Марюс презрительно усмехнулся.
— Героя из себя строишь? Каждая сволочь, припертая к стенке, со страху обделывается до ушей или корчит из себя смельчака. А результат в обоих случаях один. Вот сидят люди; может, не видели, как ты бродил по колено в крови, но знают, что давно заслужил петлю. Никто не посочувствует, не наденет мученический венец, не старайся.
— Но и тебя не оправдают, — огрызнулся Адомас, не глядя в сторону, но четко представляя себе вытянувшееся лицо господина Дизе. («Вот как умирает настоящий литовец, господин немец!») — От чьего имени ты судишь? Я не признаю советской власти. Для меня только одна власть законна — власть независимой Литвы. Она пока в Америке, но моя нация здесь, дома. Я служу своей нации…
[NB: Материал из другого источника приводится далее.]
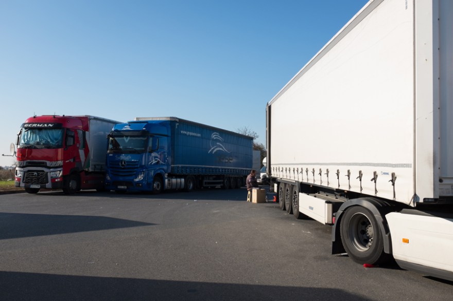 Les w-ends, certaines aires d’autoroutes se transforment en véritables villages de camionneurs, avec leur installation façon camping ou encore les files d’attente au lever du jour pour accéder aux douches.

— Помогая немцам уничтожать ее?
— Нам друг друга не переубедить: мы служим разным хозяевам. Могли выбрать золотую середину, как Гедиминас. Ладно, что поделаешь, не вышло… Но я не жалею, что выбрал Гитлера. Все-таки служить культурному барину приятнее, чем нищему мужику…
Скрипнула дверь. На пороге появился партизан.
«Если не удастся погибнуть от пули, через минуту буду висеть рядом с Кучкайлисом, — подумал Адомас. У него мелькнула мысль, что на счету Марюса они не первые, что он, Марюс, тоже замарал руки кровью, и на душе даже теплей стало. — Нет, все, что я сделал, было неизбежно, так и должно было случиться. Я убивал, защищая себя, здоровую часть нации. И мало убивал: не пощади я тогда Марюса, сейчас не стоял бы под дулом его автомата».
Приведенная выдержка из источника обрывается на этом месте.